* Your assignment *
The reader should set down exactly the lines from the one containing "Højt bord med" through the last line of the material, omitting every picture.

* Study material *
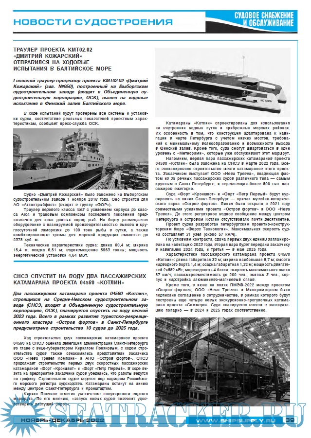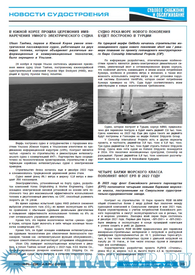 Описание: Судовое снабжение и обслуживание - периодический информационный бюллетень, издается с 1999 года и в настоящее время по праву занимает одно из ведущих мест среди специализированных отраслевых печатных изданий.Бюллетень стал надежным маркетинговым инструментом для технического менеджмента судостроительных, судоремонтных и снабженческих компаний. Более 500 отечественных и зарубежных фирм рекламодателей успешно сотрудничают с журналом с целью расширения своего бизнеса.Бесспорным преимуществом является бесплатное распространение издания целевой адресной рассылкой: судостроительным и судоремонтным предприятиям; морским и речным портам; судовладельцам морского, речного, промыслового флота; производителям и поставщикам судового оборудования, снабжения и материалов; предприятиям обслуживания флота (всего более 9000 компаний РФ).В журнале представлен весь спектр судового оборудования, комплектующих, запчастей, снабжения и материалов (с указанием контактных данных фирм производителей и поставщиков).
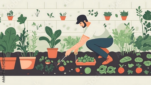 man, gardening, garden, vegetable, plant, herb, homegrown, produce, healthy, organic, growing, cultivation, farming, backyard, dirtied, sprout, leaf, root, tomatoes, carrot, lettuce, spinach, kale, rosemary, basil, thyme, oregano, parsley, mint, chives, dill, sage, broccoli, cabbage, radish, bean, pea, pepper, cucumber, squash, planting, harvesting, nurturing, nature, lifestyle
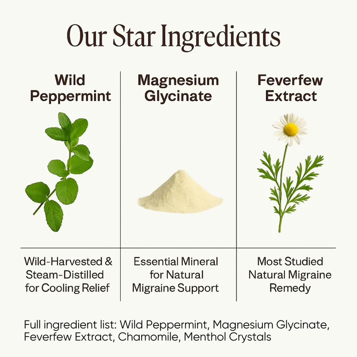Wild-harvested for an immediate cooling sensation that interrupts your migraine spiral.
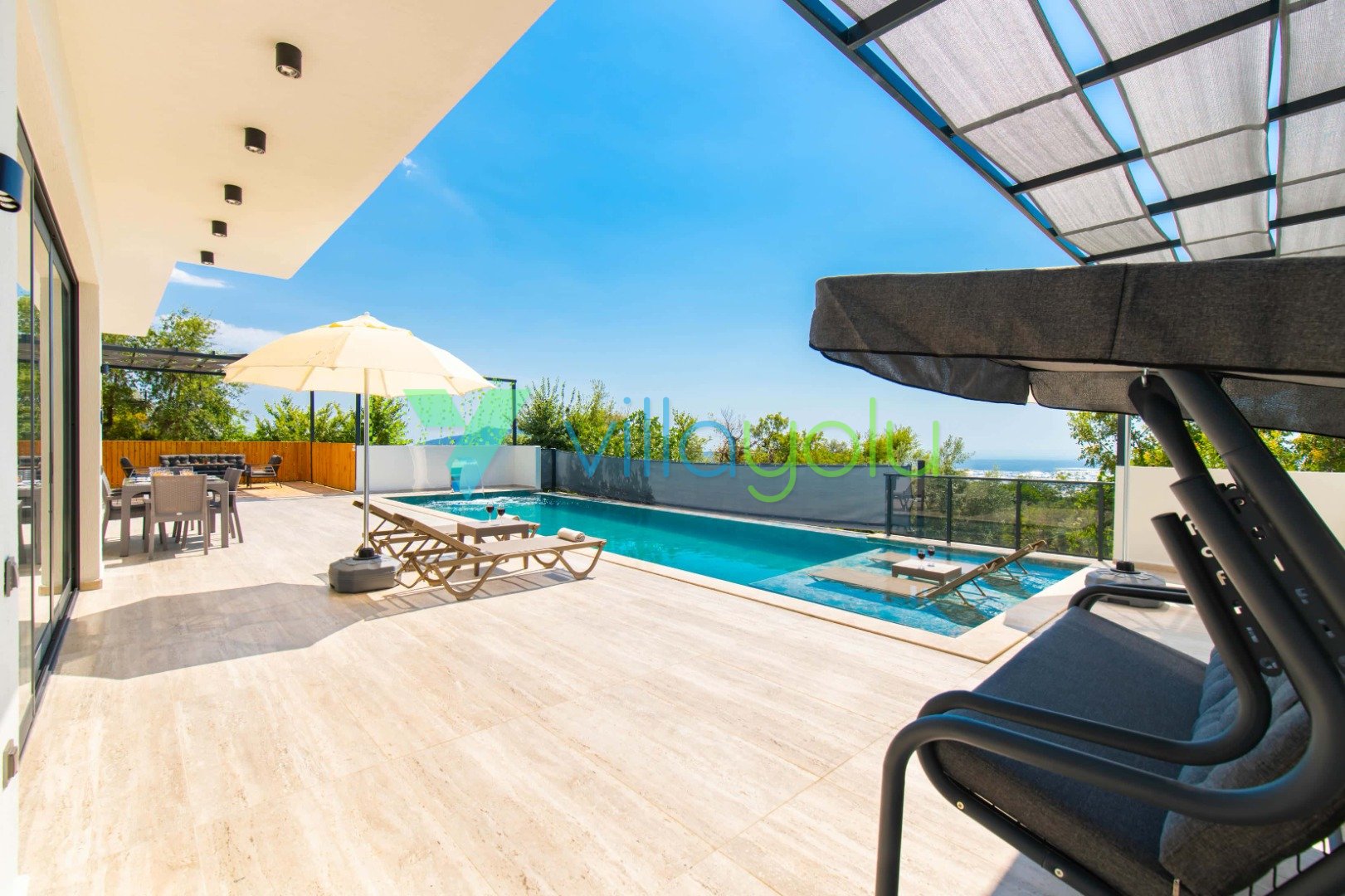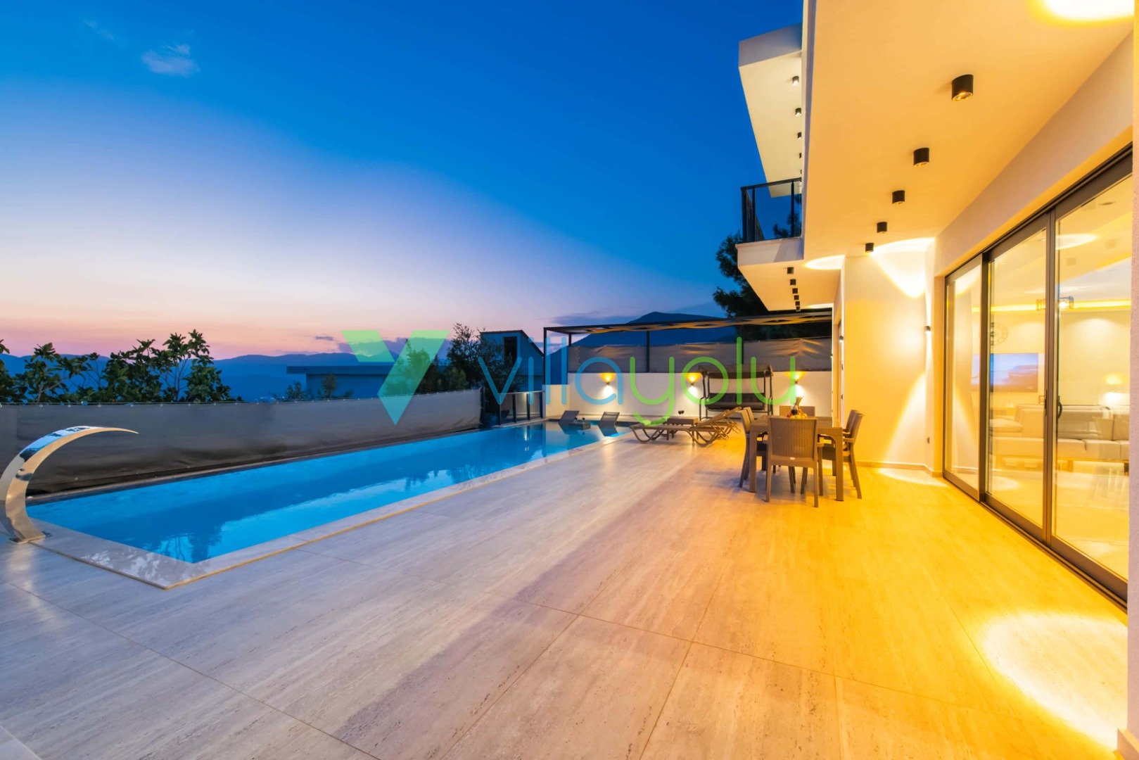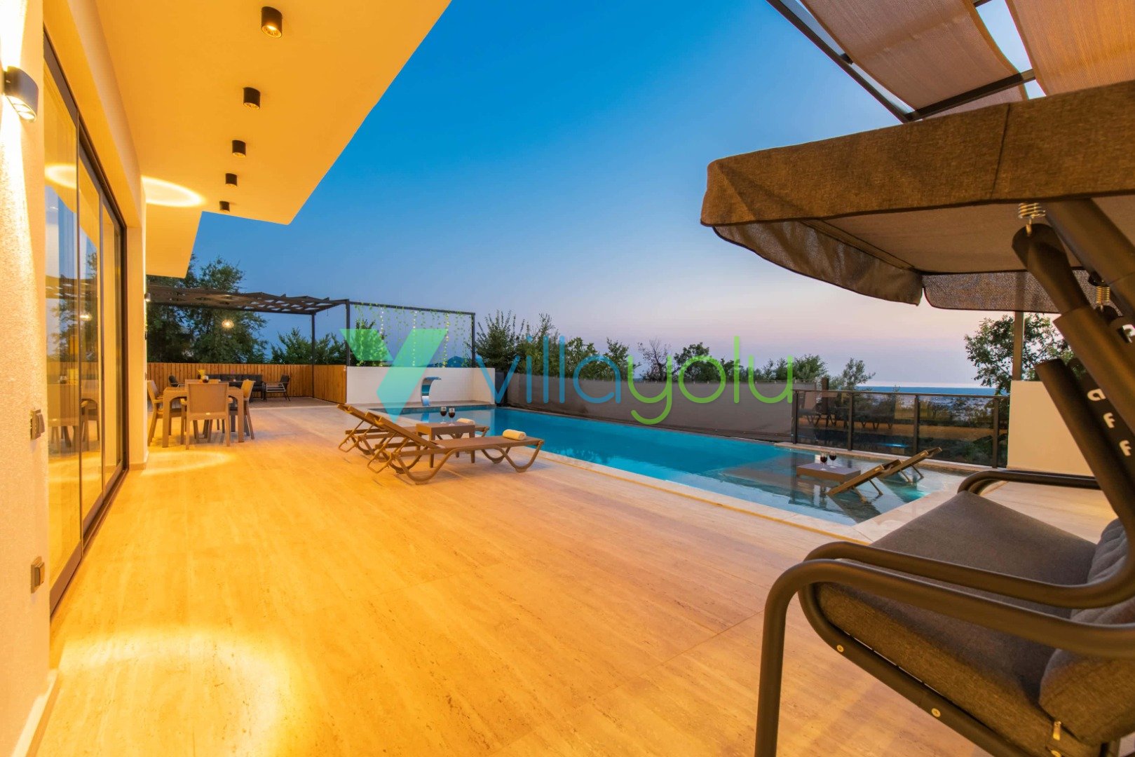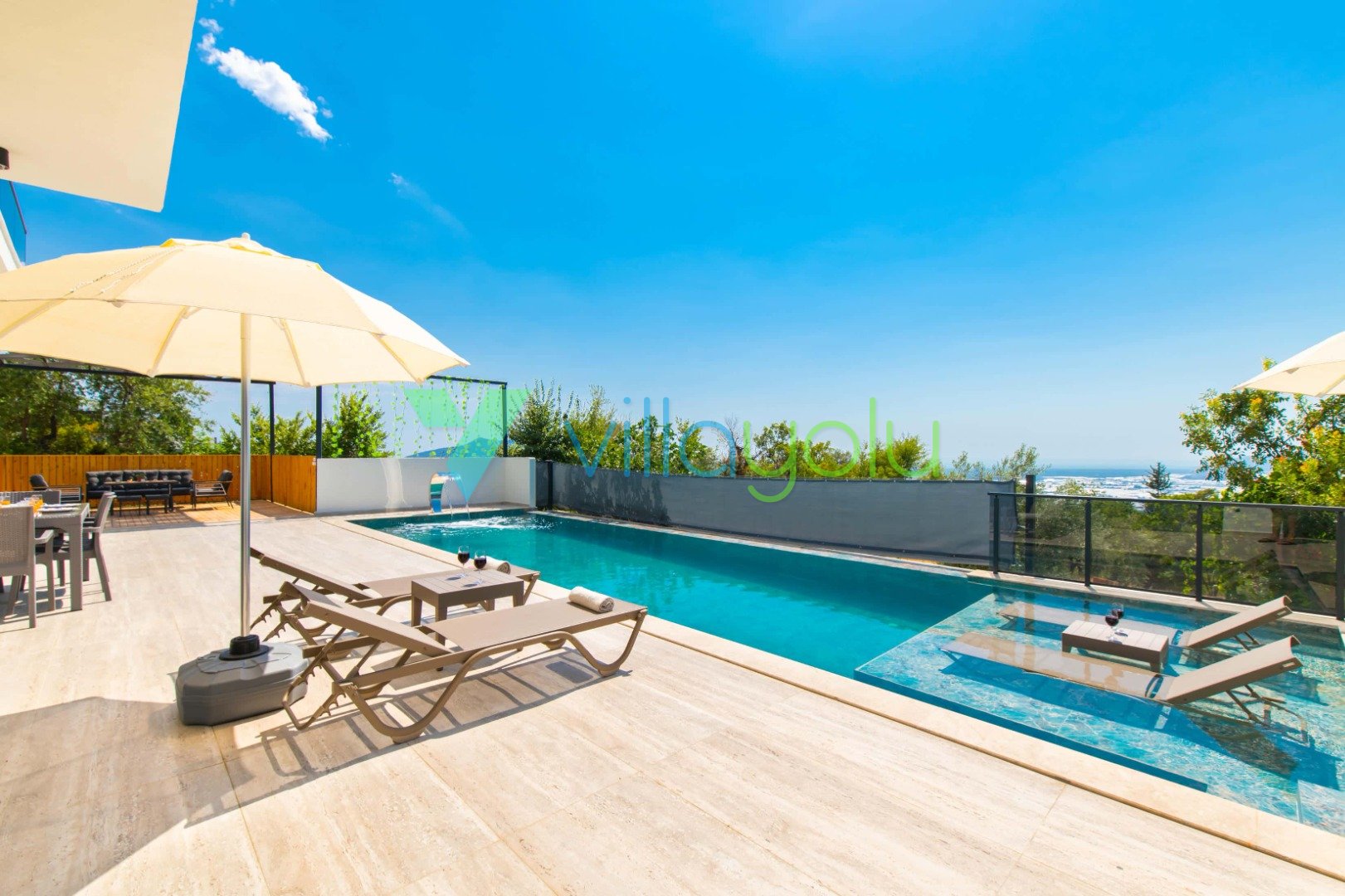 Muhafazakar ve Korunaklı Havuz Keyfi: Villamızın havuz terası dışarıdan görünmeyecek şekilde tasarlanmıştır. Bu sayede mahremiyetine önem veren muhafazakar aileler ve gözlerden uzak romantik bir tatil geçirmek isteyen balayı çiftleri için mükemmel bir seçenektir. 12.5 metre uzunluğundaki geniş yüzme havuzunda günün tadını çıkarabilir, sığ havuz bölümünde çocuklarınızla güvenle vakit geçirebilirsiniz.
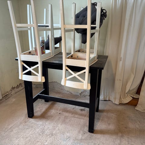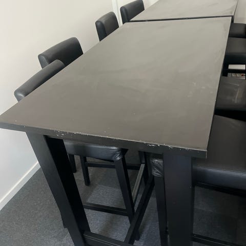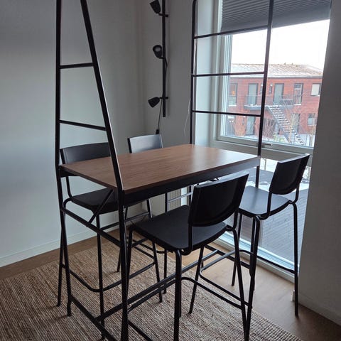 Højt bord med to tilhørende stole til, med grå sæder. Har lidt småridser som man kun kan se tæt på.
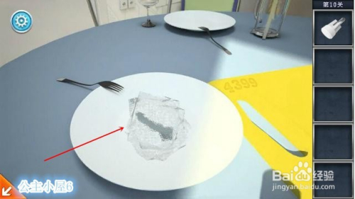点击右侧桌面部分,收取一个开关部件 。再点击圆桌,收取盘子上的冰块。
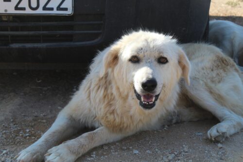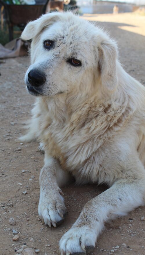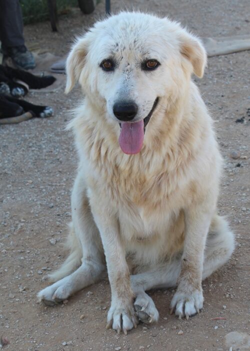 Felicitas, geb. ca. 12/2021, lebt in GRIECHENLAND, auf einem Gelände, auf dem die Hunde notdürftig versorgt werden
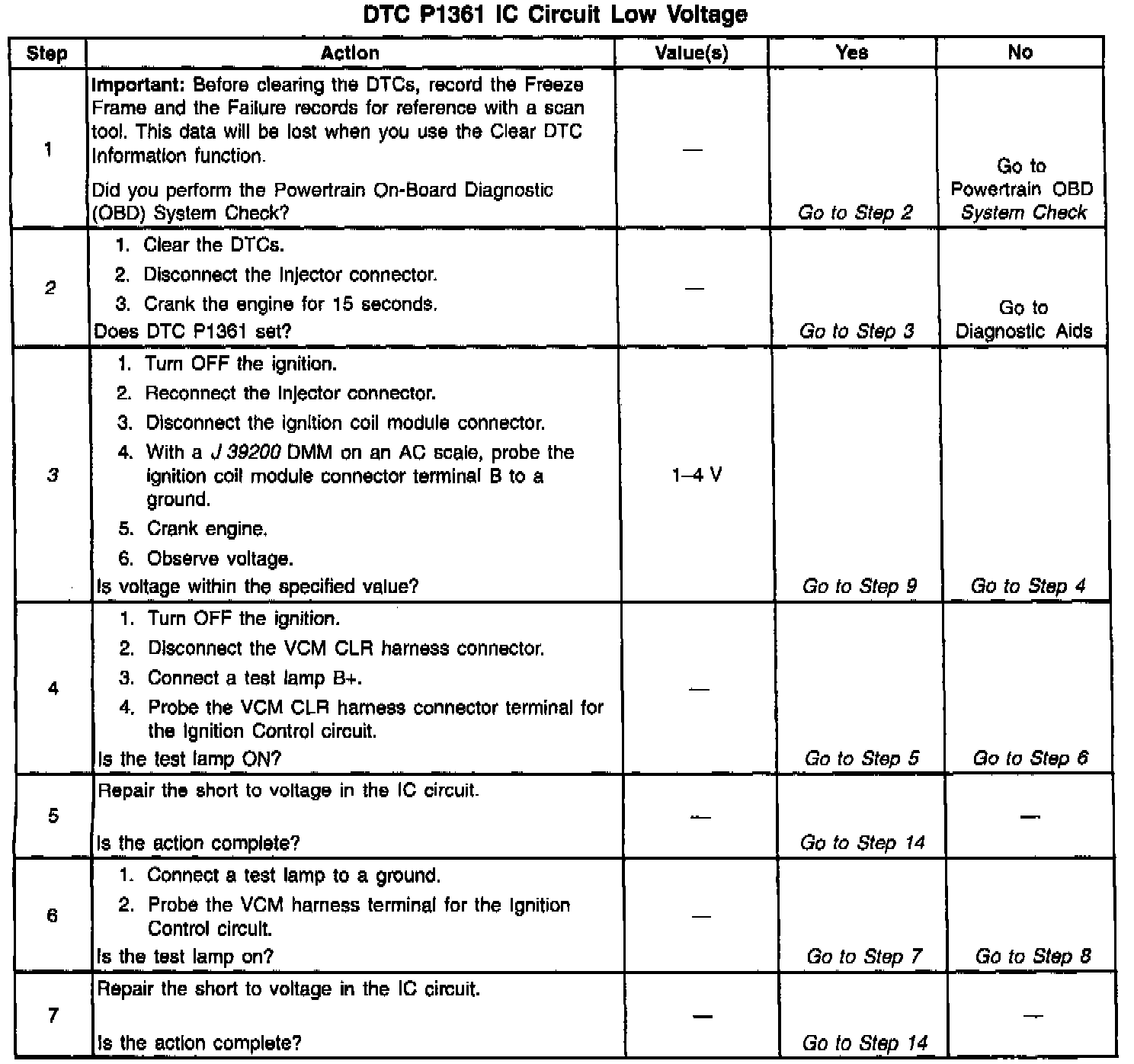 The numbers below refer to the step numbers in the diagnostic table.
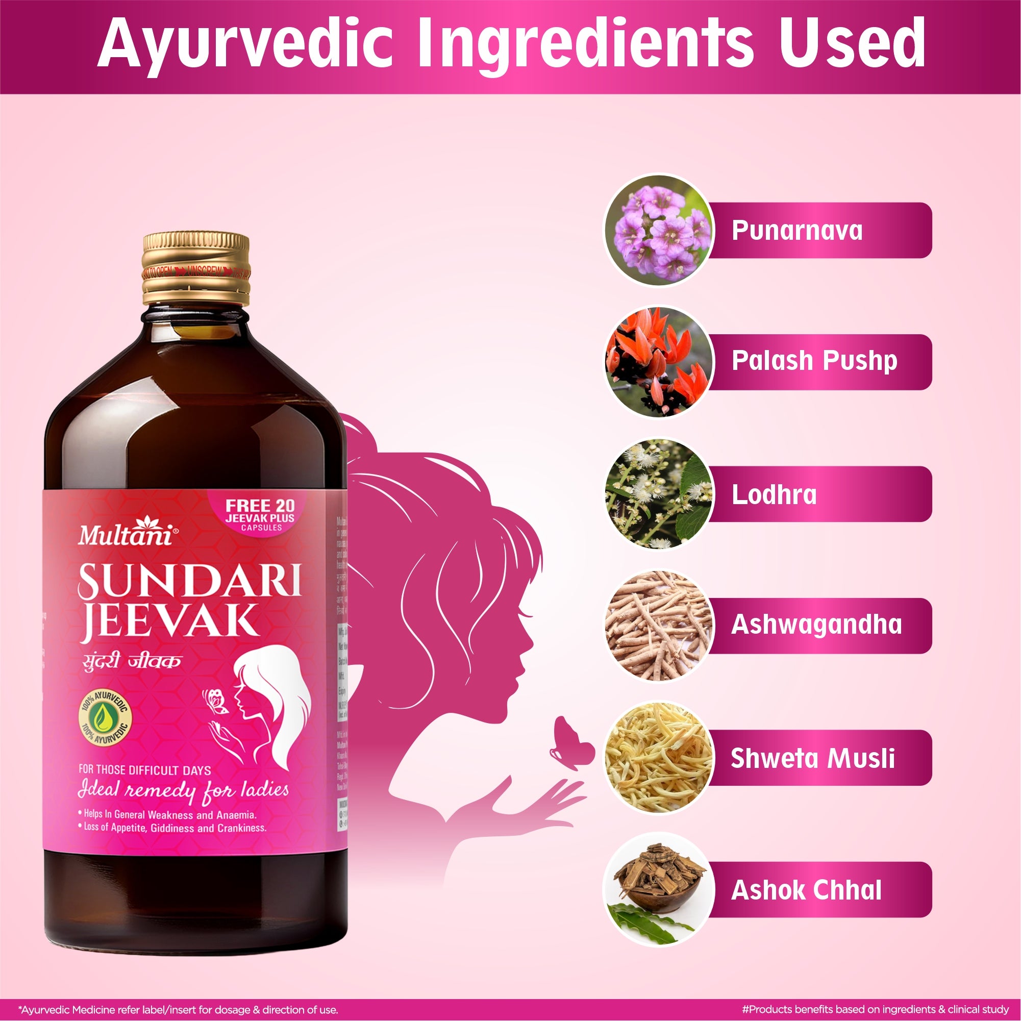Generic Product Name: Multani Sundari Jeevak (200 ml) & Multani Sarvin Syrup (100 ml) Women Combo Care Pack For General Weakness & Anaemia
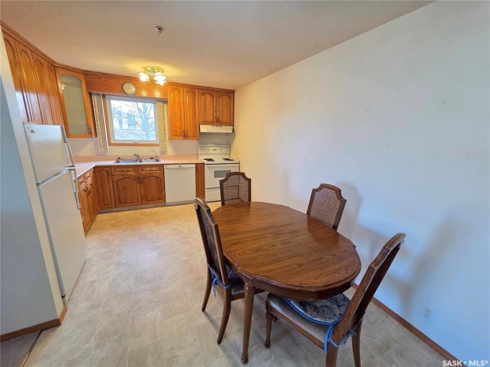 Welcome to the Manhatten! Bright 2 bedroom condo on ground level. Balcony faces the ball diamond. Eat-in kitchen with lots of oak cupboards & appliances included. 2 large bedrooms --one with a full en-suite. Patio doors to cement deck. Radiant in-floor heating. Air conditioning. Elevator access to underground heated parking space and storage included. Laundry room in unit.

* Reply to the task *
 Højt bord med to tilhørende stole til, med grå sæder. Har lidt småridser som man kun kan se tæt på.
点击右侧桌面部分,收取一个开关部件 。再点击圆桌,收取盘子上的冰块。
 Felicitas, geb. ca. 12/2021, lebt in GRIECHENLAND, auf einem Gelände, auf dem die Hunde notdürftig versorgt werden
 The numbers below refer to the step numbers in the diagnostic table.
Generic Product Name: Multani Sundari Jeevak (200 ml) & Multani Sarvin Syrup (100 ml) Women Combo Care Pack For General Weakness & Anaemia
 Welcome to the Manhatten! Bright 2 bedroom condo on ground level. Balcony faces the ball diamond. Eat-in kitchen with lots of oak cupboards & appliances included. 2 large bedrooms --one with a full en-suite. Patio doors to cement deck. Radiant in-floor heating. Air conditioning. Elevator access to underground heated parking space and storage included. Laundry room in unit.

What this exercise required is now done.